How should I sample a runtime-generated texture in all my game's materials?

Currently, I am writing to a dynamic texture at run-time, using


UTexture2D::CreateTransient

I want to use this texture in all my game’s materials.
The only way I know, is to assign this dynamic texture to a material at run-time, by creating a new dynamic material instance at run-time and setting a texture parameter value on it to reference my dynamic texture. To do this for all materials in my game would be tricky/not a good solution.

Can anyone see a better solution?

I did consider writing to a renderTarget instead of a Transient Utexture. In the material editor, I can use a render targets same way it do normal textures. However Im not sure how to write to an existing renderTarget at run-time (efficiently).

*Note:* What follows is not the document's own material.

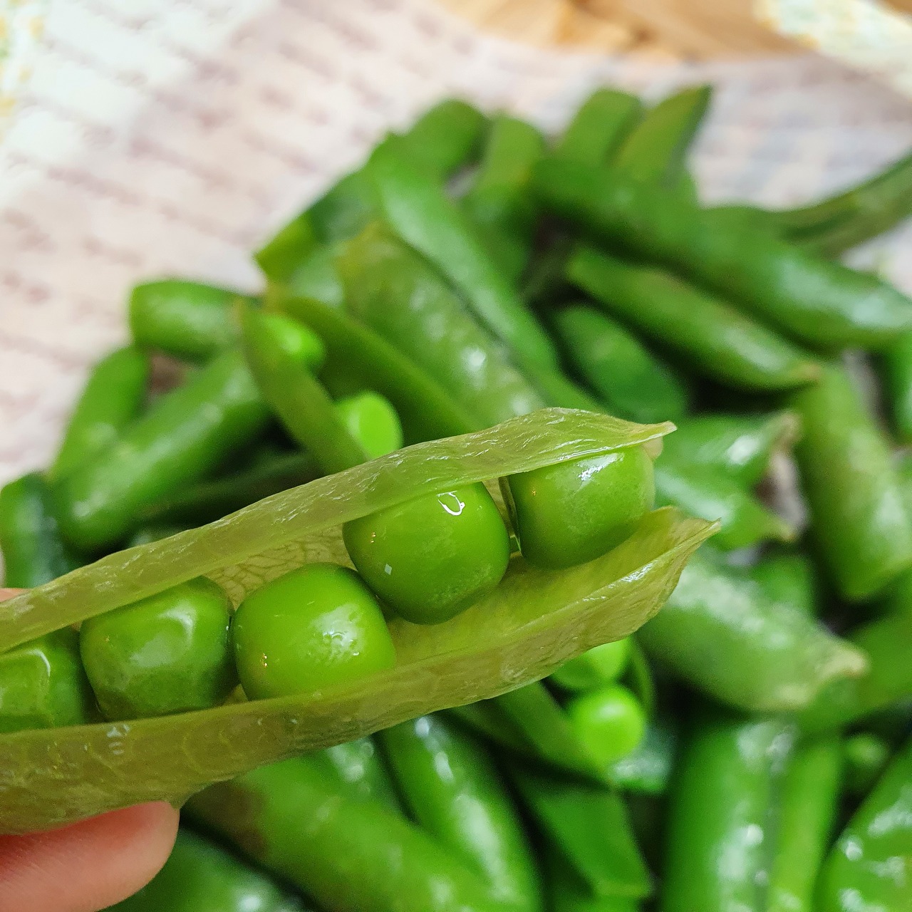 이렇게 삶아진 완두콩은 그대로 먹거나 다른 요리에 활용할 수 있습니다.

Dynamic Material Instances are the only option if you are creating the texture at runtime. Alternatively, you can create a render target asset as you say and have all materials point to that. That’s arguably the most efficient way for a very widely-used texture source.

In terms of updating the render target, it’s no different to any other texture. You can still resize it and draw stuff into it however you like. You just need a reference to it, the same way as any other asset.

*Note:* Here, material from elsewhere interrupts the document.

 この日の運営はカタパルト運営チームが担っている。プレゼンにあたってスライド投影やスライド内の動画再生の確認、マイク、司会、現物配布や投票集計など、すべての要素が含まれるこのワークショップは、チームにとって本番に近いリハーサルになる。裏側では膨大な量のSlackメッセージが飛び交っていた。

As for updating it, there are a few different ways - but I guess it depends on what you’re doing. UE has the “Draw Material To Render Target” system which is pretty nice, or if you want to write pixel values directly, you can use a render command.

Here’s a copy-paste from some of my gamecode. In this case, this is a HDR Render Target and ‘RenderData’ is a TArray<FFloat16Color> of equal size, and matching memory layout. I’m quite literally copying the array into the render target.



if (RenderTarget
&& RenderTarget->Resource
&& RenderTarget->Resource->TextureRHI.IsValid())
{
const uint32 NumBytes = CalculateImageBytes(RenderTarget->SizeX, RenderTarget->SizeY, 0, RenderTarget->GetFormat());

ENQUEUE_RENDER_COMMAND(FHT_ShieldRenderData)(
[Data = RenderData, Bytes = NumBytes, LUT = RenderTarget->Resource->TextureRHI, bFlush = bFlushRendering](FRHICommandListImmediate& RHICmdList)
{
uint32 DestStride = 0;
FFloat16Color* DestBuffer = static_cast<FFloat16Color*>(RHILockTexture2D(LUT->GetTexture2D(), 0, RLM_WriteOnly, DestStride, false, false));

FMemory::Memcpy(DestBuffer, Data.GetData(), Bytes);
RHIUnlockTexture2D(LUT->GetTexture2D(), 0, false, bFlush);
});

return true;
}


Be careful what you pass between render and game thread however. I’m passing data by copying it here, but if you want to reference an object on the render thread or something, you need to use a render fence or somesuch:

https://docs.unrealengine.com/en-US/…ing/index.html

The code above is pretty fast, I’ve not had any issues doing this yet. The real slowdowns come when you do something that calls FlushRenderingCommands(), which blocks Game Thread execution until the rendering thread is done. It’s not really acceptable to use that outside of the editor environment.

Thanks So much TheJamsh

I have some errors though, could you tell me whats wrong? Sorry, im not a programmer.

Looks like you’re just missing the bFlushRendering argument (in my case it was a function param) - you can probably remove it, and just replace bFlush with false.

Just be aware that the types you use may differ depending on the format of the render target - if you do want to use memcpy, you have to be certain that your data and the render target data are the same size, layout and format.